Detailed Description

Complete technical specification and implementation details from the patent document.

The present specification is based on, and claims the benefit of U.S. Provisional Application No. 63/694,483, filed September 13, 2024, the disclosure of which is hereby incorporated by reference in its entirety.

The present specification relates to robotic object manipulation, and more particularly to yield checking for a hand-held manipulation device.

One way to train robots to perform physical manipulation tasks is to record video or images of humans performing a task, and then train a robot to perform the same task through imitation learning. In particular, a human may utilize a hand-held gripper to perform a task while a camera records video of the human performing the task with the hand-held gripper. A large number of trials of humans performing the task using the hand-held gripper may be recorded with the camera. This collection of trials may then be used as training data to train a robotic arm, having similar grippers as the hand-held gripper, to perform the task by mimicking the behavior of the hand-held gripper controlled by humans in the training data.

In order to use such videos as training data, a mapping video may first be recorded, and a map of a scene in which tasks are to be performed may be generated. Subsequent videos of hand-held devices performing tasks may then be analyzed, and the hand-held devices may be localized within the scene based on the generated map. However, in some instances, it may not be possible to localize every video of tasks being performed. Accordingly, a need exists for yield checking for a hand-held manipulation device.

In one embodiment, a method includes receiving a mapping video of a scene; generating a map of the scene based on the mapping video; receiving a plurality of demonstration videos of a hand-held manipulation device performing one or more tasks in the scene; for each video among the plurality of demonstration videos, determining whether the hand-held manipulation device can be localized in the scene based on the video and the map; and for each video among the plurality of demonstration videos for which the hand-held manipulation device can be localized in the scene, localizing the hand-held manipulation device in the scene based on the video and the map, and storing the video as training data.

In another embodiment, a computing device includes one or more processors configured to receive a mapping video of a scene; generate a map of the scene based on the mapping video; receive a plurality of demonstration videos of a hand-held manipulation device performing one or more tasks in the scene; for each video among the plurality of demonstration videos, determine whether the hand-held manipulation device can be localized in the scene based on the video and the map; and for each video among the plurality of demonstration videos for which the hand-held manipulation device can be localized in the scene, localize the hand-held manipulation device in the scene based on the video and the map, and store the video as training data.

In another embodiment, a non-transitory computer readable storage medium includes a memory storing a program. When executed by a processor, the program may cause the processor to receive a mapping video of a scene; generate a map of the scene based on the mapping video; receive a plurality of demonstration videos of a hand-held manipulation device performing one or more tasks in the scene; for each video among the plurality of demonstration videos, determine whether the hand-held manipulation device can be localized in the scene based on the video and the map; and for each video among the plurality of demonstration videos for which the hand-held manipulation device can be localized in the scene, localize the hand-held manipulation device in the scene based on the video and the map, and store the video as training data.

The embodiments disclosed herein include yield checking for a hand-held manipulation device.

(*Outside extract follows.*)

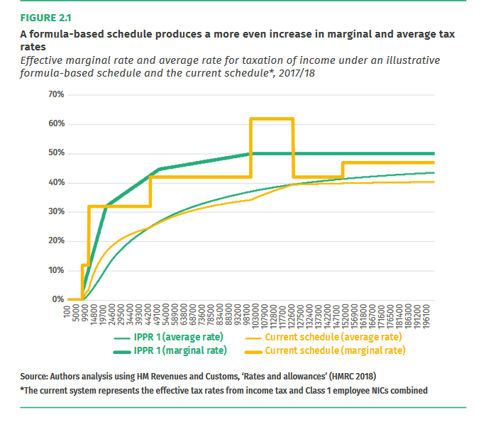 Second, the existing system of marginal tax bands would be replaced by a formula, such that everyone’s marginal tax rate would depend on their own precise level of income.

In embodiments, a hand-held manipulation device may include grippers with a variety of sensors therein. The hand-held manipulation device may also include a camera that can capture images and/or video of the grippers. As such, when a user holds the hand-held manipulation device and performs a physical manipulation task with the grippers, the camera may capture video of the grippers performing the task.

In embodiments, before performing tasks with such a hand-held manipulation device, a user may record a mapping video of a scene in which tasks are to be performed. This mapping video may be used to generate a map of the scene. The user may then perform a series of tasks using the hand-held manipulation device. As each task is performed, the camera associated with the device may capture video of the task being performed. A computing device may analyze the video of each task and attempt to localize the hand-held device in the scene. If the hand-held device can be localized, then the video may be stored as training data, which may be used to train a robot to perform the task via imitation learning. However, if the hand-held device cannot be localized, then the video may be discarded. The computing device may determine a yield, indicating a percentage of such videos for which the hand-held device can be localized. The computing device may also determine a reason why the hand-held device was unable to be localized for each such video, and may output this determination to a user such that the yield may be increased.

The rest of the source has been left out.